In short, what some call a “circular money loop” looks more like a strategic feedback system: capital reinforcing ecosystem growth. Nvidia’s role in AI’s expansion reflects a platform leader investing to strengthen and extend its technological base, not the financial engineering seen in earlier speculative cycles.

3) Economic Feasibility: Profitability and Scalability of NeoClouds and GaaS Models

Concerns about the economic feasibility of GPU-as-a-Service (GaaS) and NeoCloud data centers have grown louder, driven by a mix of misunderstanding of GPU economics, technology, flawed assumptions, and, in some cases, biased analysis.

The Critics and Their Claims

One of the most vocal critics has been legendary short-seller Jim Chanos, who argues that GaaS operators can’t earn sufficient returns on capital. When someone with his record raises questions, it’s worth listening, but his framework appears misapplied.
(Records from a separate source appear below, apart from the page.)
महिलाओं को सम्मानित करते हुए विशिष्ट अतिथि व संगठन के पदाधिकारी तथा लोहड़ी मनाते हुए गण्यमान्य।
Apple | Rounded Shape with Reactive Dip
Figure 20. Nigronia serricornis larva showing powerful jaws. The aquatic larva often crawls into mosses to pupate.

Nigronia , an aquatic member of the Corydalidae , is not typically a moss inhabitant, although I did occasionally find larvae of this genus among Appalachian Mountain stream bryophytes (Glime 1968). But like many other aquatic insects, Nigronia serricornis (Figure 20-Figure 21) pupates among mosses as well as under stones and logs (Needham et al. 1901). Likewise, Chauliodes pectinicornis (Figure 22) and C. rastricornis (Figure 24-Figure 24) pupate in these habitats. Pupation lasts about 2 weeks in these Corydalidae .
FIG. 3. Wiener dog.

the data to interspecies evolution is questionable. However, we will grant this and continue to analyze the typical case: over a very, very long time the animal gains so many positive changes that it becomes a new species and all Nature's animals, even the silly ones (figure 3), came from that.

He uses total CAPEX to calculate ROIC, rather than the portion of capital already producing cash flows. That’s like judging a hotel’s returns before it finishes construction.

Chanos also criticizes depreciation schedules, assuming GPU hardware will be obsolete within two or three years. That assumption ignores both historical precedent and the interplay between software and hardware improvements. I’ll return to that point shortly, but suffice to say: the evidence doesn’t support such an accelerated write-down.
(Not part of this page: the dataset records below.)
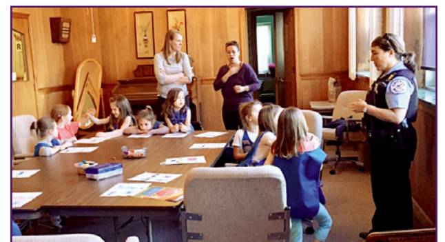
Edison Park UMC opens its church building to the Girl Scouts for the first time. The scouts hold various activities including this career day with a Chicago Police Officer as their guest.

Visit www.umcnic.org/congregationaldevelopment for information on ICD.
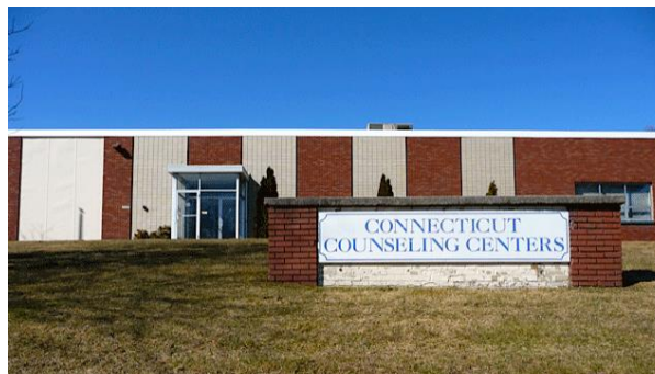
60 Beaver Brook Road, Danbury
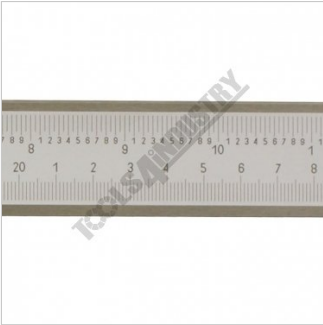
Metric and Imperial Graduations

Other critiques have come from The Information and The Financial Times, which questioned the profitability of GaaS models. The Information reported that Oracle lost $100 million on its AI cloud segment last quarter. That was likely a timing effect, a temporary mismatch between new capacity going live and revenue recognition as customers ramp up workloads. Oracle’s own commentary in its latest AI World conference effectively put those concerns to rest.
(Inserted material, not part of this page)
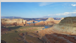
Lake levels can change the view from year to year
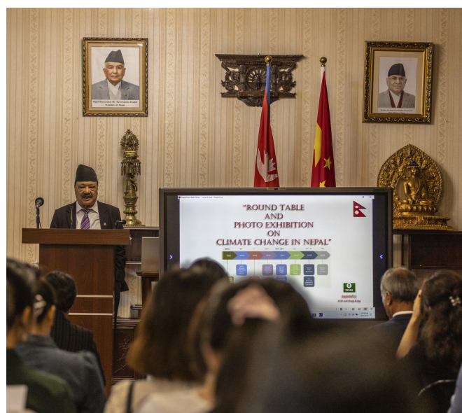
His Excellency Bishnu Pukar Shrestha, Nepal's Ambassador to China speaking at "Roundtable and Photo Exhibition on Climate Change in Nepal" event organized by Embassy of Nepal in Beijing in collaboration with Oxfam.

Oxfam's target for influencing work on climate action encompasses local government bodies, provincial government authorities, federal government agencies, as well as international stakeholders. With this comprehensive approach we aim to maximize impact and promote climate-resilient development across various levels of governance and international cooperation and advocate for climate change financing including loss and damage.

Meanwhile, the Financial Times argued that GPUs are “too expensive to buy and too cheap to rent.” Their math was flawed: they compared the price of a full 8-GPU node to the rental rate of a single GPU, an 8x error. Such oversights feed the perception of unsustainable economics where none exists.

The Obsolescence Misconception

Another persistent narrative is that GPUs will become obsolete every two or three years, as each new generation dramatically outperforms the last. Some suggest that future chips, like the Rubin CPX, will render current generations, such as GB300, uneconomic overnight.

If that were true, the entire NeoCloud sector would be at risk. But history points to a more measured reality: a regression to the mean.

Server hardware has historically remained productive for 7–9 years. Microsoft Azure’s own retirement schedule shows this clearly:

The K80, P100, and P40 GPUs (launched between 2014–2016) will retire in 2023, implying an 8–9 year life.

The V100 (launched in 2017) will retire in 2025, around 7.5 years later.

The A100(launched in 2020) and it remains economically viable.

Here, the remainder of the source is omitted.